GUIDELINES FOR M.S. DEFENSE
The purpose of the defense is to facilitate a thorough evaluation of the thesis and the student's understanding of the research, as well as the student's ability to report information to the scientific community in a well organized and interesting form.
The defense consists of two parts: a public seminar and an examination. In the public seminar, the student will make a 45 to 60 minute oral presentation, including a detailed description of the background, rationale, materials and methods, results and conclusions appropriate to the research. Following the presentation, the student will respond to questions from the audience.
Immediately thereafter, and at a location announced at the end of the seminar, the Supervisory Committee will examine the student on the thesis. Any member of the GSBS Faculty who attends the public presentation may participate in the examination to the extent described below. Others wishing to attend must be approved by the Supervisory Committee.
The student's Advisor will serve as moderator of the examination. The student will be expected to respond to questions from those attending on any aspect of the written thesis or the material presented at the seminar.

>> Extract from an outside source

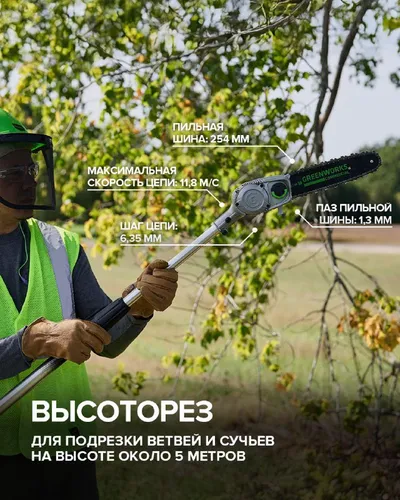 Greenworks GD82PS25 82V (1402207) — профессиональный аккумуляторный высоторез. ✅ Максимальная длина устройства: 396 см, что позволяет работать без стремянки на большинстве участков. Преимущества мод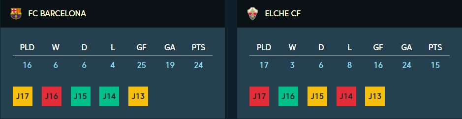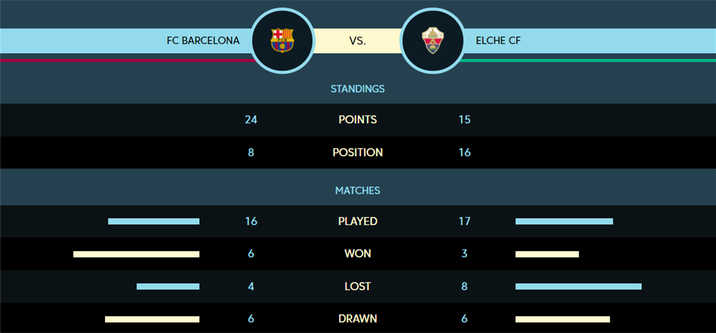 В одном из матчей 18-го тура испанской Ла Лиги нас ожидает противостояние между Барселоной и Эльче, которое пройдет на стадионе Камп Ноу.

After the defense, the student will meet privately with the Supervisory Committee to discuss the results. Finally, the Supervisory Committee (in executive session, if desired) will determine what recommendation to make to the Dean and the Academic Standards Committee.
The Committee may conclude that the student has passed, or it may require additional research, modifications to the thesis, and/or another defense.
Following the defense, the results of this meeting will be communicated through the Office of Academic Affairs to the Academic Standards Committee and the Dean for approval.
Within one week of the defense, any GSBS faculty member who has read the student's thesis and has attended the defense may write directly to the Dean to provide an evaluation of the student's performance. In reaching a final decision on whether to award the M.S. or require further work and/or another defense, the Dean will take into consideration the recommendation of the Supervisory Committee and other comments received from GSBS Faculty. In particular cases, the Dean may solicit additional evaluations of the thesis from experts in the field either within or outside the GSBS Faculty.
The decision of the Dean will be communicated to the student and the Supervisory Committee within one month of the defense.
COMPLETION OF M.S. REQUIREMENTS
The M.S. degree is not issued until the student has successfully completed the defense; the unbound dissertation, approved by the Supervisory Committee, is submitted to the Office of Academic Affairs for the Dean's signature; and all exit forms are completed and submitted to the Office of Academic Affairs. The M.S. degree is awarded on the last day of the semester in which all requirements are completed. The student must be registered for Thesis in the final semester in which requirements are met.
All requirements for the M.S. degree must be completed within three years of first registration in GSBS. Students may continue registration in GSBS after the three-year limit only with the express written permission of the Dean. Students admitted to GSBS for the express purpose of obtaining only an M.S. degree and who wish to continue on for the Ph.D. must reapply for admission.